#### [Supplied data]
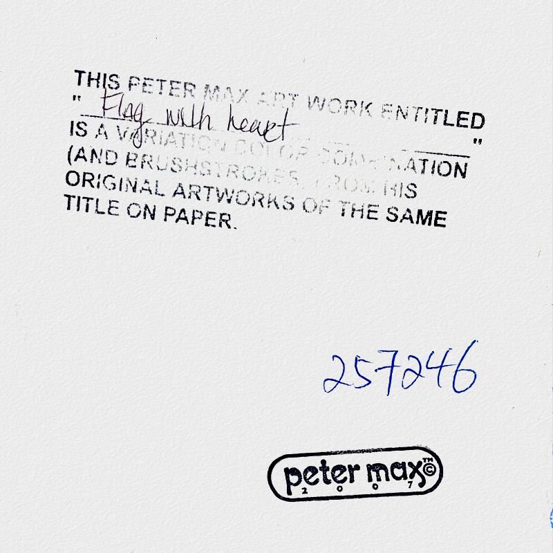 "Flag with Heart" is a hand signed one-of-a-kind acrylic mixed media on paper by Peter Max. The piece comes custom framed with a backside cutout to display Peter Max Studio registration number 257246 certifying authenticity. Measures approximately 30" x 26" (frame), 17" x 13" (image). This item requires special handling and may have a longer than usual turnaround.
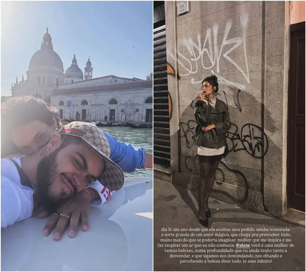 Ele continuou: “Mulher que me inspira e me faz respirar um ar que eu não conhecia. Alane, você é uma mulher de tantas belezas, numa profundidade que eu ainda tenho tanto a desvendar. E que sigamos nos desvendando, nos olhando e percebendo a beleza disso tudo. Te amo infinito!”, completou. Os rumores sobre o relacionamento entre o cantor e a ex-BBB24 começaram no Carnaval do ano passado, quando foram vistos juntos em uma viagem. Posteriormente, em abril e maio de 2025, foram flagrados juntos em outras ocasiões. A oficialização ocorreu no dia 25 de maio.
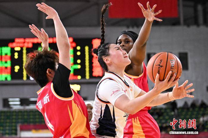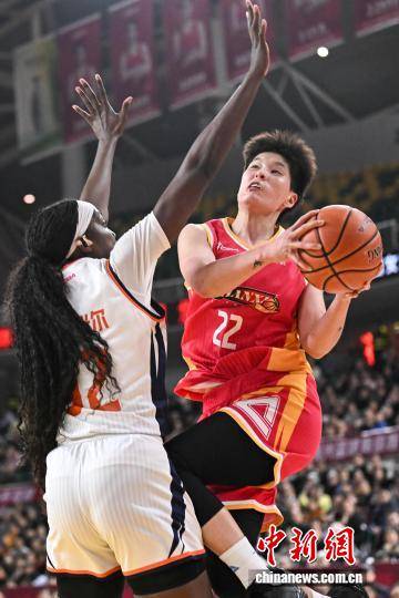 1月9日,山西队球员埃格博(红衣)在比赛中防守。当日,在太原举行的2025-2026赛季中国女子篮球联赛(WCBA)常规赛第14轮比赛中,山西竹叶青酒队主场以96比73战胜新疆天山队。中新社记者 韦亮 摄
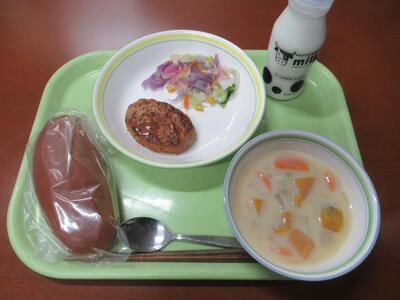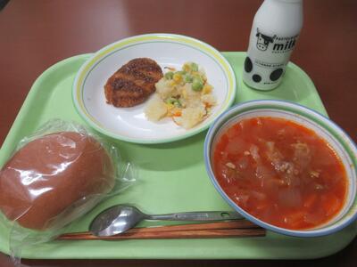 給食 イギリスパン、野菜のスープ、クリスピーチキン、根菜のラタテュイユ、牛乳 でした。
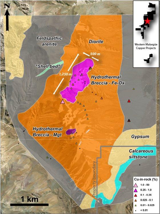 Mehrere weitere kleinere hydrothermale Brekzienkörper innerhalb des Diorit-Intrusionskörpers wurden kartiert, darunter eine 300 m x 150 m große Brekzie mit Magnetitzementation, deren Proben bis zu 223 ppm Kupfer aufweisen (Abbildung 2).

#### [Directions for this task]
Copy every line above exactly, leaving no picture in the copy.

#### [Solution]
 "Flag with Heart" is a hand signed one-of-a-kind acrylic mixed media on paper by Peter Max. The piece comes custom framed with a backside cutout to display Peter Max Studio registration number 257246 certifying authenticity. Measures approximately 30" x 26" (frame), 17" x 13" (image). This item requires special handling and may have a longer than usual turnaround.
 Ele continuou: “Mulher que me inspira e me faz respirar um ar que eu não conhecia. Alane, você é uma mulher de tantas belezas, numa profundidade que eu ainda tenho tanto a desvendar. E que sigamos nos desvendando, nos olhando e percebendo a beleza disso tudo. Te amo infinito!”, completou. Os rumores sobre o relacionamento entre o cantor e a ex-BBB24 começaram no Carnaval do ano passado, quando foram vistos juntos em uma viagem. Posteriormente, em abril e maio de 2025, foram flagrados juntos em outras ocasiões. A oficialização ocorreu no dia 25 de maio.
 1月9日,山西队球员埃格博(红衣)在比赛中防守。当日,在太原举行的2025-2026赛季中国女子篮球联赛(WCBA)常规赛第14轮比赛中,山西竹叶青酒队主场以96比73战胜新疆天山队。中新社记者 韦亮 摄
 給食 イギリスパン、野菜のスープ、クリスピーチキン、根菜のラタテュイユ、牛乳 でした。
 Mehrere weitere kleinere hydrothermale Brekzienkörper innerhalb des Diorit-Intrusionskörpers wurden kartiert, darunter eine 300 m x 150 m große Brekzie mit Magnetitzementation, deren Proben bis zu 223 ppm Kupfer aufweisen (Abbildung 2).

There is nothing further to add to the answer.